I'd expect that those idioms work:
import numpy
import pyarrow
import pandas
arrow_u8 = pyarrow.array([1, 2, 3], type=pyarrow.uint8())
arrow_f64 = pyarrow.array([1., 2., 3.], type=pyarrow.float64())
table = pyarrow.table([arrow_u8, arrow_f64], names=['u8', 'f64'])
# Using the PyArrow `to_pandas` method will use NumPy backed data
df = table.to_pandas()
# Using the constructor with a PyArrow table raises: ValueError: DataFrame constructor not properly called!
df = pandas.DataFrame(table)
# This is not implemented (the method doesn't exist)
df = pandas.DataFrame.from_arrow(table)
# Creating a dataframe column by column naively from the arrow array will use NumPy dtypes
df = pandas.DataFrame({'u8': arrow_u8,
'f64': arrow_f64})
I think the easier way to make the transition is with something like this:
df = pandas.DataFrame({name: pandas.Series(array,
dtype=pandas.ArrowDtype(array.type))
for array, name
in zip(table.columns, table.column_names)})
@pandas-dev/pandas-core Given that Arrow dtypes is one of the highlights of pandas 2.0, shouldn't we provide at least one easy way to convert before the release?
Comment From: phofl
Arrow isn’t fully supported yet, just something to consider when communicating this.
the easiest way is to provide a types mapper to to_pandas on an arrow table, that’s what we are using Internally as well
Comment From: datapythonista
Arrow isn’t fully supported yet, just something to consider when communicating this.
Agree, but this seems like an important and common use case, and doesn't seem difficult to implement, no?
the easiest way is to provide a types mapper to to_pandas on an arrow table, that’s what we are using Internally as well
I didn't think about it, sounds good.

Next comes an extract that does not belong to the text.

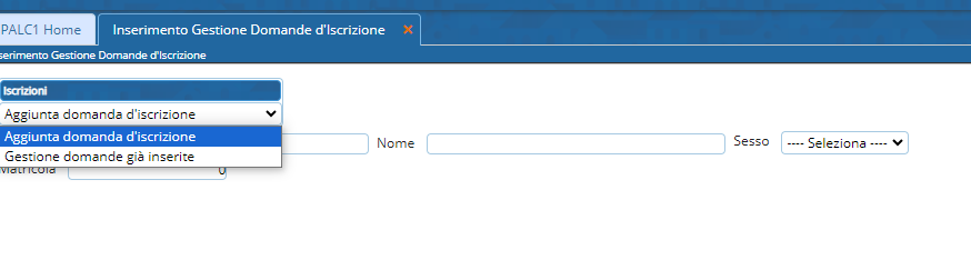 Selezionando nella fase di ricerca Aggiunta domanda di iscrizione è possibile ricercare ed aggiungere un soggetto di cui ci è pervenuta la manifesta volontà di iscrizione. Una volta selezionato si apre una videata che ne permette la gestione e la compilazione dei campi relativi al respingimento ed all'iscrizione. Terminare la procedura selezionando aggiungi a destra della videata.
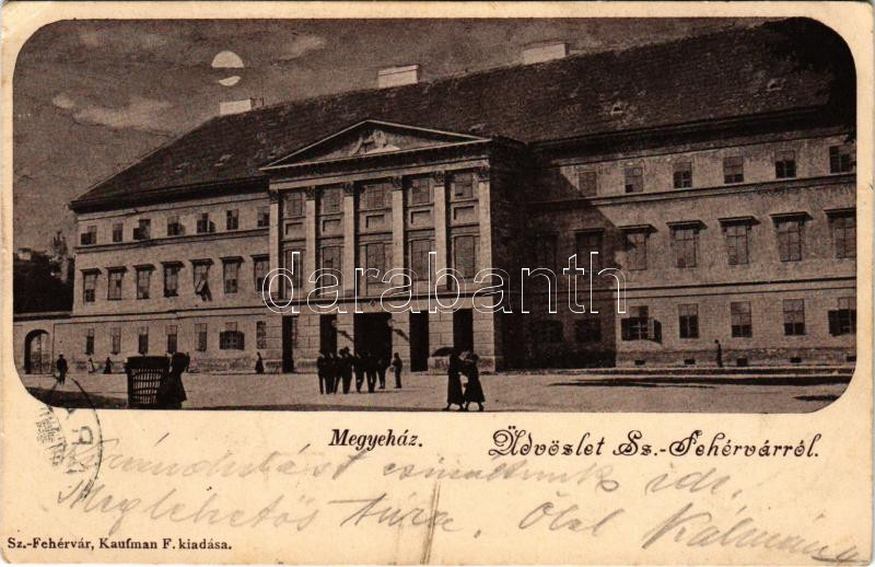 1904 Székesfehérvár, Megyeház este holdfényben. Kaufman F. kiadása (EM)

But do we have a pandas function for the mapper, or is it something every user wanting this functionality should write? If that's the case the code I wrote is probably simpler.
Comment From: phofl
No we don’t have a common function and I remembers this incorrectly, we are only using it for our own nullable dtypes. Internally we are doing more or less the same as you did.

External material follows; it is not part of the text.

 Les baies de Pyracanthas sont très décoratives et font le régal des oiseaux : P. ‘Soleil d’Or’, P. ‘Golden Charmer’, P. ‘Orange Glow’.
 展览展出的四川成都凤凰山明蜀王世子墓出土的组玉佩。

you can wrap in an ArrowExtensionArray instead of using the Series
Comment From: jbrockmendel
# Using the PyArrow
to_pandas
method will use NumPy backed data
This seems like something we should ask pyarrow to change?

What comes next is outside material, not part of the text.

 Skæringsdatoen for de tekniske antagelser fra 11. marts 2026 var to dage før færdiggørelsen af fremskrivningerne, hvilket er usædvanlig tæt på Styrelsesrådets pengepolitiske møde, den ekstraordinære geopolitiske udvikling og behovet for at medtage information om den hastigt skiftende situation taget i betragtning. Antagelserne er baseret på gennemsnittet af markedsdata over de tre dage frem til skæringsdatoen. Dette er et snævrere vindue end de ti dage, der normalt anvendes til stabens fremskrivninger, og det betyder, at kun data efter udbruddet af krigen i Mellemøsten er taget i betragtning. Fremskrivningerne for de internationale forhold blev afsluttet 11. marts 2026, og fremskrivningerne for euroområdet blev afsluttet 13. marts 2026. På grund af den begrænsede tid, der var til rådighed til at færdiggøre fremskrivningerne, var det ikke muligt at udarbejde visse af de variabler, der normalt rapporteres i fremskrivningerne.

Supporting this in DataFrame.__init__
would be hacky without making pyarrow a required dependency xref #50285, but I could be convinced.
Comment From: phofl
Ok there is actually an easy way to do this:
table.to_pandas(types_mapper=lambda x: pd.ArrowDtype(x))
Edit: I think this should be sufficient for now? We should definitely document this. I'll open a PR.
Comment From: jbrockmendel
@phofl i think you can get rid of the lambda and just pass types_mapper=pd.ArrowDtype
Comment From: phofl
Oh good point, yes you are correct.
Comment From: datapythonista
Supporting this in
DataFrame.__init__
would be hacky without making pyarrow a required dependency xref #50285, but I could be convinced.
I have a working version of it in #51769, and seems simple enough to be worth adding. With pyarrow being optional.
Comment From: jreback
@phofl i think you can get rid of the lambda and just pass
types_mapper=pd.ArrowDtype
this seems like the ideal soln; should just document for now